Time Period3 Months [change]
DirectionMoves Against 
StrengthVery Weak
Accuracy100.0%
ValuesDaily Returns

Marshall Boya ve  vs.  Merko Gida Sanayi

 Performance 
       Timeline  
Marshall Boya ve 

Risk-Adjusted Performance

1 of 100

 
Weak
 
Strong
Weak
Compared to the overall equity markets, risk-adjusted returns on investments in Marshall Boya ve are ranked lower than 1 (%) of all global equities and portfolios over the last 90 days. Despite fairly strong forward indicators, Marshall Boya is not utilizing all of its potentials. The recent stock price confusion, may contribute to short-horizon losses for the traders.
Merko Gida Sanayi 

Risk-Adjusted Performance

11 of 100

 
Weak
 
Strong
Good
Compared to the overall equity markets, risk-adjusted returns on investments in Merko Gida Sanayi are ranked lower than 11 (%) of all global equities and portfolios over the last 90 days. Despite fairly inconsistent forward indicators, Merko Gida demonstrated solid returns over the last few months and may actually be approaching a breakup point.
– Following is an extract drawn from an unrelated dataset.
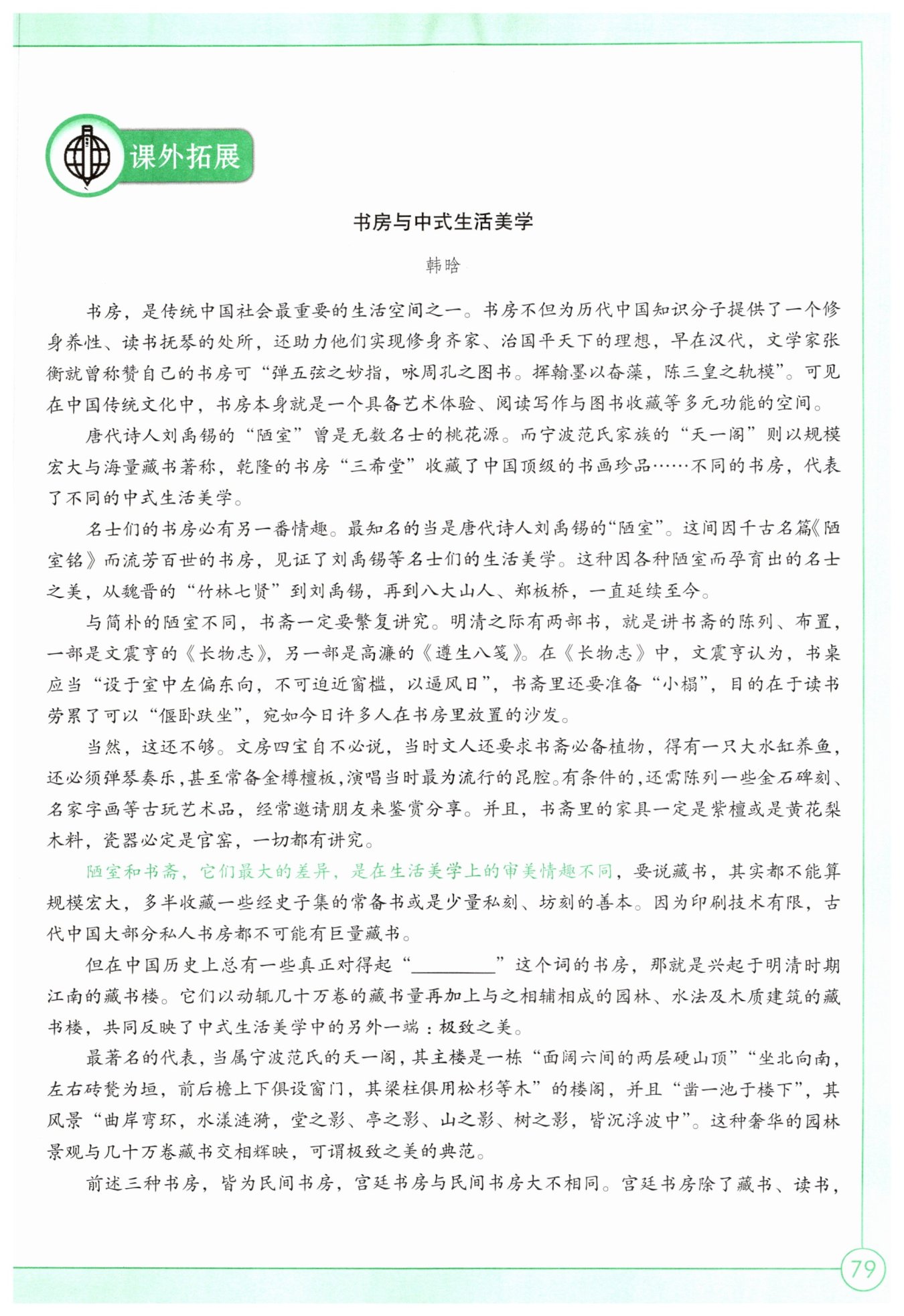 9. 不能刪去。“最大”限制程度,它說明了陋室與書齋除了生活美學(xué)上的審美情趣差異外,還有其他方面的差異。刪去就不能說明這一點(diǎn),這體現(xiàn)了說明文語言的準(zhǔn)確性。

Marshall Boya and Merko Gida Volatility Contrast

   Predicted Return Density   
       Returns  

Pair Trading with Marshall Boya and Merko Gida

The main advantage of trading using opposite Marshall Boya and Merko Gida positions is that it hedges away some unsystematic risk. Because of two separate transactions, even if Marshall Boya position performs unexpectedly, Merko Gida can make up some of the losses. Pair trading also minimizes risk from directional movements in the market. For example, if an entire industry or sector drops because of unexpected headlines, the short position in Merko Gida will offset losses from the drop in Merko Gida's long position.
The idea behind Marshall Boya ve and Merko Gida Sanayi pairs trading is to make the combined position market-neutral, meaning the overall market's direction will not affect its win or loss (or potential downside or upside). This can be achieved by designing a pairs trade with two highly correlated stocks or equities that operate in a similar space or sector, making it possible to obtain profits through simple and relatively low-risk investment.
Check out your portfolio center.
Note that this page's information should be used as a complementary analysis to find the right mix of equity instruments to add to your existing portfolios or create a brand new portfolio. You can also try the Competition Analyzer module to analyze and compare many basic indicators for a group of related or unrelated entities.